VCT is the primary contributor: VCT alone reduces average gap from 10.78% to 2.41% (a 78% reduction), with MEM further improving it to 1.86%.
MEM alone has limited effect (8.95% vs. 10.78%), but consistently improves performance across all constraint ranges when combined with VCT.
In the \(C=300\)–\(500\) range, the proposed method achieves gaps below 1%, approaching HGS solver quality.
Generality of the approach: The same methodology successfully applies to POMO + CVRPTW, reducing average gap from 19.58% to 11.58%.
Overfitting is more severe under tight constraints — AM reaches a gap of 45.16% at \(C=10\).

Highlights & Insights¶

Depth of problem diagnosis: Beyond identifying the overfitting phenomenon, the paper explains its root cause through controlled experiments with OVRP and TSP — different constraint tightness levels fundamentally correspond to different optimization problems.
Simplicity and efficiency of the method: VCT merely changes the training data sampling strategy (zero additional computation); MEM only appends a few attention layers to the decoder tail (minimal parameter overhead), yet both yield significant improvements.
Hard-routing design choice: Compared to soft mixture-of-experts with its computational overhead and training instability, one-hot hard-routing is straightforward and sufficiently effective.
Slight regression at \(C=50\)/\(100\) indicates that VCT trades per-point accuracy for broader strategy coverage, which is a reasonable tradeoff.

Limitations & Future Work¶

VCT employs uniform sampling; adaptive sampling (e.g., adjusting sampling frequency based on current performance at each tightness level) may yield further improvements.
Hard routing in MEM may cause knowledge isolation between experts; soft routing or shared-representation approaches are worth exploring.
Performance at \(C=50\)/\(100\) is slightly below dedicated baselines, suggesting the method is best suited for "one model covers all" scenarios.
Only CVRP and CVRPTW are evaluated; applicability to other constrained combinatorial optimization problems such as scheduling and bin packing remains to be verified.

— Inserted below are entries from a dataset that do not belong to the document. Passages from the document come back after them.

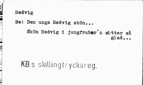 //// I //// j Hedvig //// _ Se: Den unga Hedvig skön... //// Skön Hedvig i jungfrubär'n si/tter så //// glad... //// ¦ //// i //// 3 KB:S skillingtrycksreg. ////
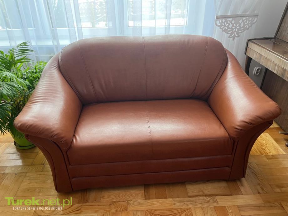Sprzedam w dobrym stanie sofę z ekoskóry w kolorze jasny brąz o wymiarach dł 160 cm, szer 90 cm.
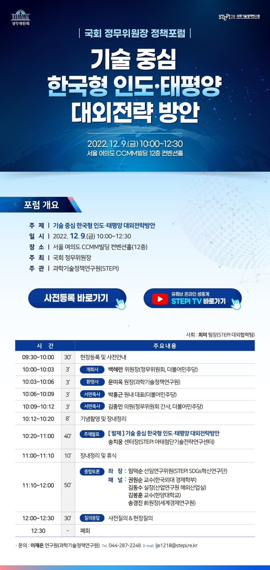 국회 정무위원장 정책 포럼 "기술 중심 한국형 인도·태평양 대외전략방안" (12.9)
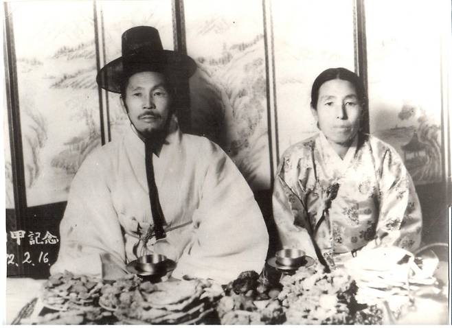 | ▲ 아버님 회갑 때 '회갑 상'을 받은 아버지와 어머니(1959년) 아버님 회갑 잔치 날 고향집 마당에서 회갑잔치상 앞에서 아버지 어머니가 함께 찍은 유일한 사진이다. |
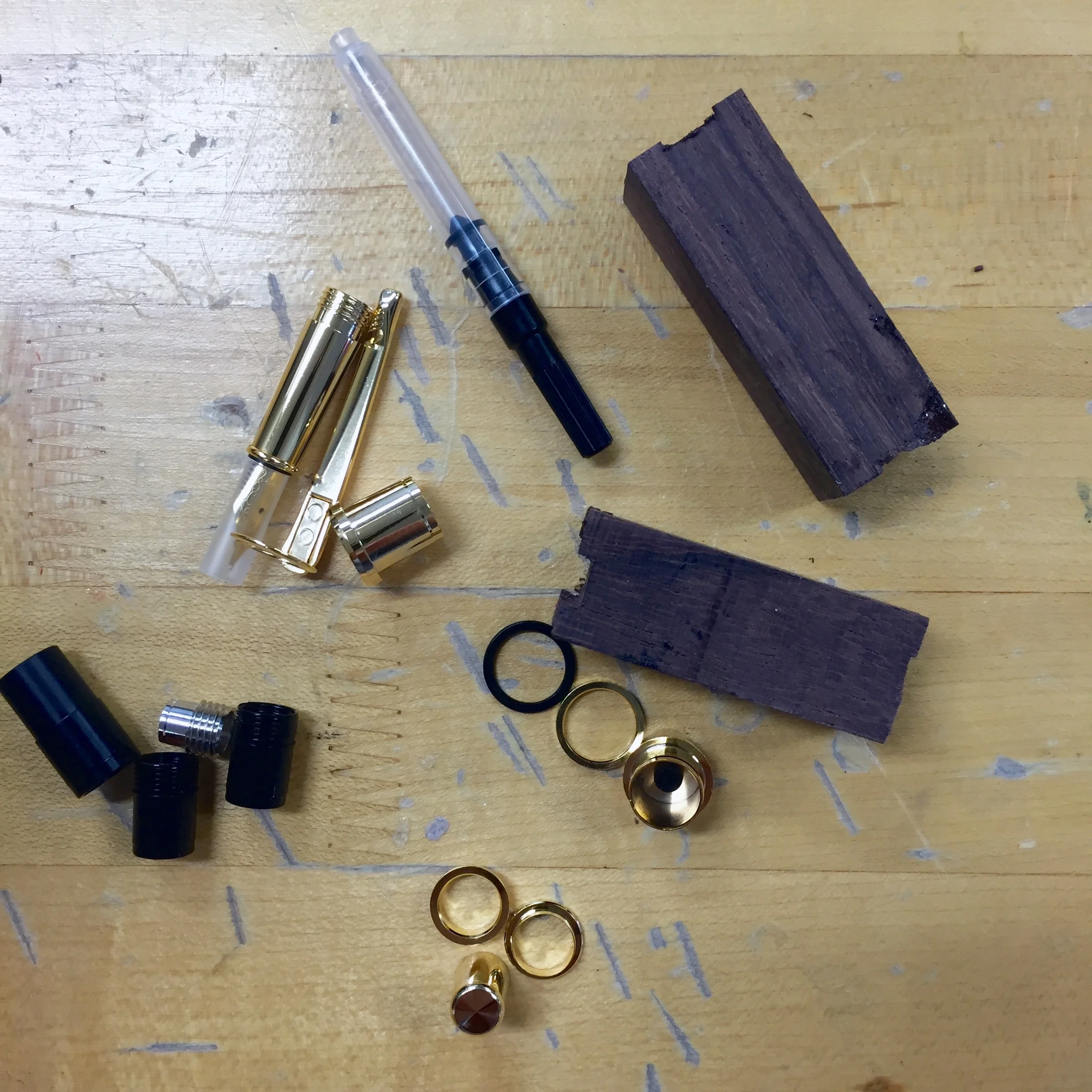 1. Gather all materials. Wood pieces already fitted with tubes plus fountain pen hardware. Lee Valley has pen hardware in many styles.
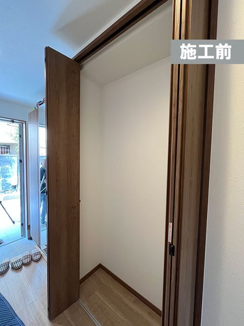 玄関収納に可動式の棚板造作工事をさせて頂きました。
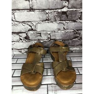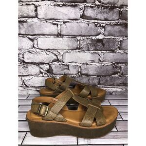 Kork-Ease Olive Green Leather Platform Wedge Ankle Strap Sandals Women Sz 7M US
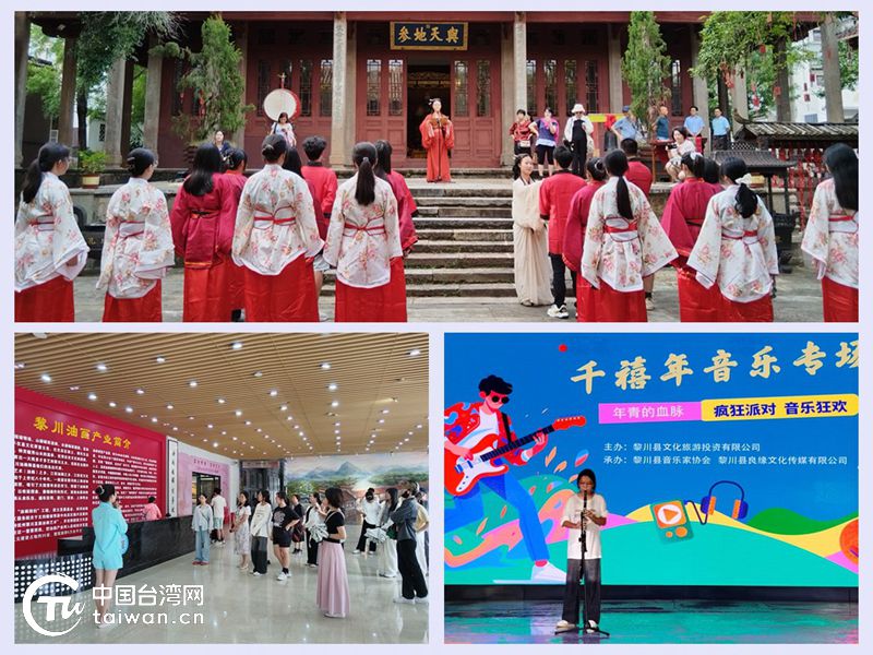 台湾嘉宾来到黎川油画创意产业园,穿梭在纵横交错的画家工作室间,仿佛踏入了一个色彩斑斓的艺术世界;在孔庙,赣台青少年穿着传统服饰,共同诵读论语;走进古城老街,大家观看千禧年音乐专场演出,赣台青年轮流上台进行音乐表演交流。丰富的互动活动让台湾青年感动不已,台湾学生林同学在音乐会上参与表演后激动地说:“音乐会的主创人员非常热情,当得知我们来自台湾后,不仅为我们演唱了台湾流行歌曲,也给了我一次难得的机会,为大陆同胞献上一曲,能够以音乐为媒结交朋友让我非常开心。”
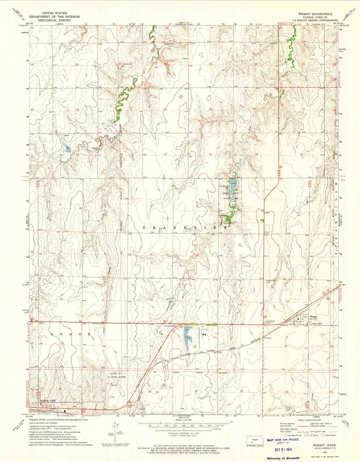 1972 Wright, KS - Kansas - USGS Topographic Map
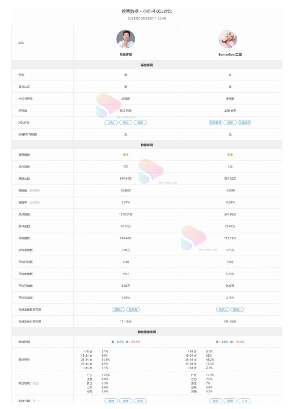 一次可进行4名KOL对比,在对比之后,会给到账号的基础信息、运营数据、粉丝分析、品牌合作人表现(商业合作表现),从而比对数据或是风格相近的KOL表现情况
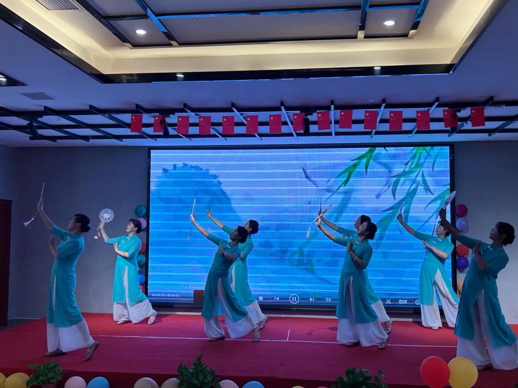 离退休各支部还精心组织了文艺表演,《月亮女神》等集体舞蹈风格各异,《永远跟党走》等散文、诗词朗诵激情澎湃,《十送红军》等二胡、电吹管乐器表演引人入胜,《我们的生活充满阳光》等集体大合唱唱出温暖和希望……退休老同志们以通过不同的形式,抒发着对党的感恩之情和对美好生活的向往。
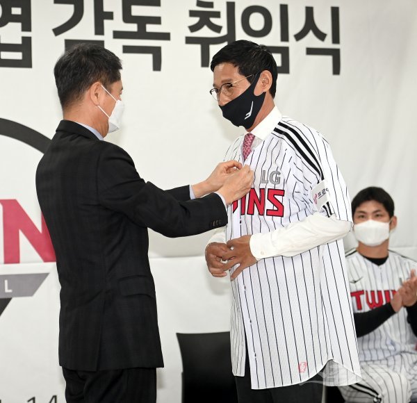 LG 트윈스 제14대 사령탑 염경엽 감독이 14일 서울 잠실야구장에서 진행된 취임식에서 유니폼을 착용하고 있다.
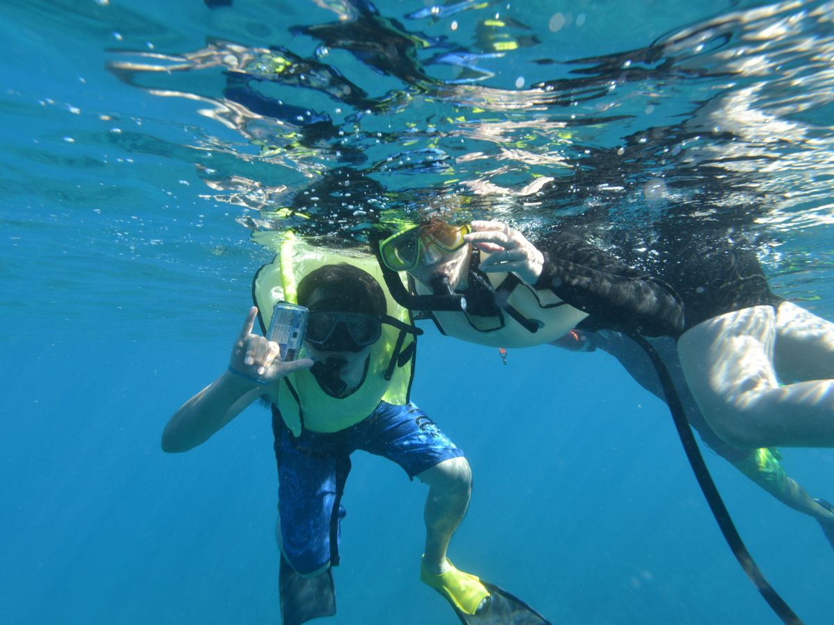 シュノーケルで魚と戯れ、ウミガメさがしに夢中になり、お昼は美味しいハンバーガー‼︎
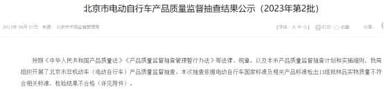 互聯(lián)網(wǎng)北京6月12日訊 近日,北京市市場監(jiān)督管理局網(wǎng)站公布了《北京市電動自行車產(chǎn)品質(zhì)量監(jiān)督抽查結(jié)果公示(2023年第2批)》,本次抽查依據(jù)電動自行車國家標準及相關(guān)產(chǎn)品標準檢出11組批樣品實物質(zhì)量不符合相關(guān)標準,檢驗結(jié)果不合格。
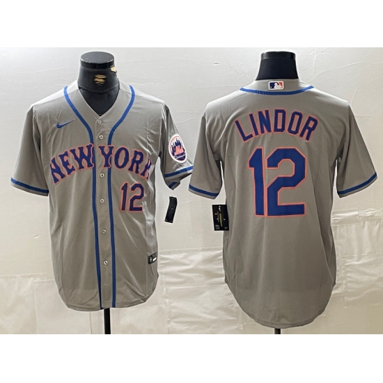 Men's New York Mets #12 Francisco Lindor Number Grey Stitched Cool Base Nike Jersey
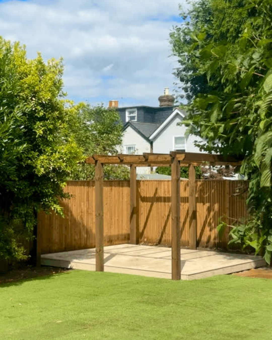 This pergola and garden makeover in Reigate is a perfect balance of structure and softness. With clean lines, fresh turf, and timber features, the space now offers a relaxing environment for everyday use from quiet mornings to hosting friends and family.
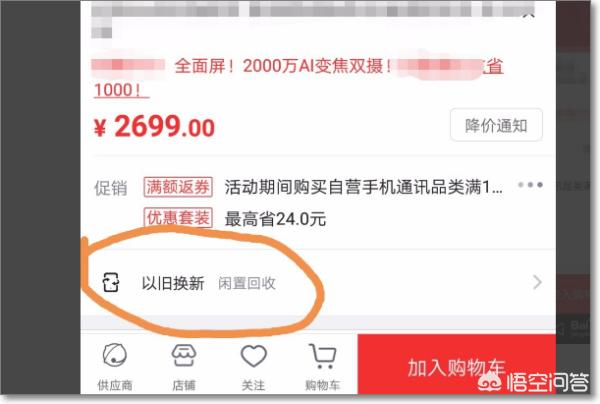 1、首先我们打开京东APP。 2、然后在搜索栏找到自己心仪的产品并点进商品的主页面。 3、然后我们找到以旧换新并点击,把自己的手机型号添加进去。 4、接着在搜索栏找到自己旧手机的产品型号。 5、找到后会进行一个对旧手机的硬件评估,按实际情况选择好后,点击确定。如图所示。 6、系统会自动评估旧手机的价值,然后把旧手机寄送到指定的地点检验成功后,买新手机的钱就可以用旧手机评估好的价格抵折扣。 |
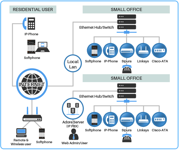 Adore Infotech has moved a step forward and replaced the traditional Private Branch Exchange (PBX), which is a small telephone switch, with the IP PBX System. Among the range of VoIP Solutions that Adore Infotech offers, the IP PBX system that it offers, is one of the easiest to setup and maintain. Adore Infotech’s IPPBX system enables comfortable integration with the existing telecommunication system such as PRI, analogue, and GSM.
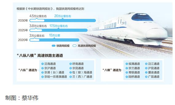 特别值得一提的是,在原规划“四纵四横”主骨架基础上,我国将形成以“八纵八横”主通道为骨架、区域连接线衔接、城际铁路补充的高速铁路网。
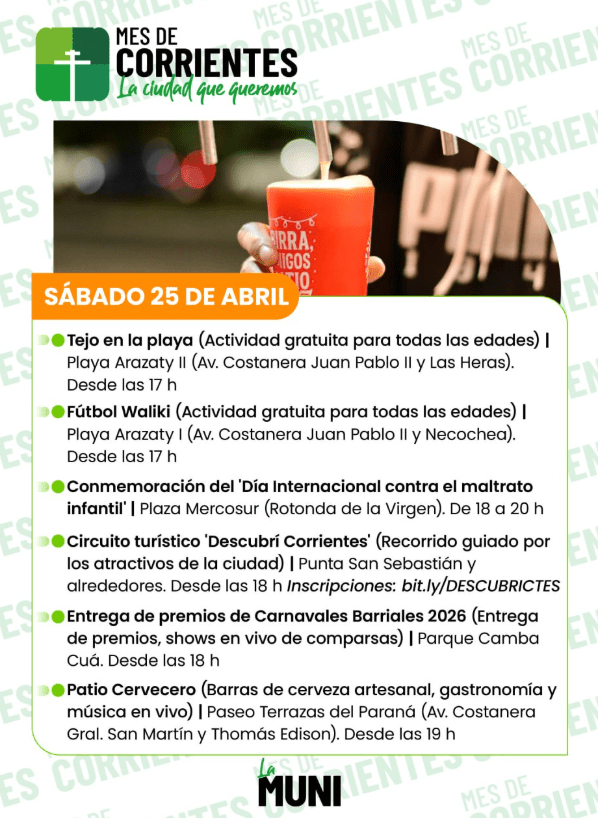 En el plano cultural y turístico, se destaca, desde las 18, el circuito guiado “Descubrí Corrientes”, un recorrido pedestre por sitios emblemáticos vinculados a la Guerra de la Triple Alianza, con inscripción previa en: bit.ly/descubrictes. Además, en el mismo horario, el Parque Camba Cuá será escenario de la entrega de premios de los Carnavales Barriales 2026, con shows en vivo de comparsas.

Compared to MVMoE (mixture-of-experts for diverse VRPs), the proposed MEM is simpler (hard routing vs. learnable gating) and specifically targets the constraint tightness dimension.
Complementary to NCO generalization research (e.g., INViT): INViT addresses generalization across problem scales, while this work addresses generalization across constraint values.
Insight: The NCO community should pay greater attention to the distributional coverage of training data; fixed constraint settings may constitute a pervasive and underappreciated pitfall.

Rating¶

Novelty: ⭐⭐⭐⭐ — In-depth problem diagnosis; method is simple yet effective.
Experimental Thoroughness: ⭐⭐⭐⭐⭐ — Comprehensive comparisons (9 NCO methods × 7 capacity levels), clear ablations, and CVRPTW extension for validation.
Writing Quality: ⭐⭐⭐⭐ — Clear structure with rigorous experimental design and analysis.
Value: ⭐⭐⭐⭐ — Exposes a systematically overlooked issue in NCO training; solution is simple and practical.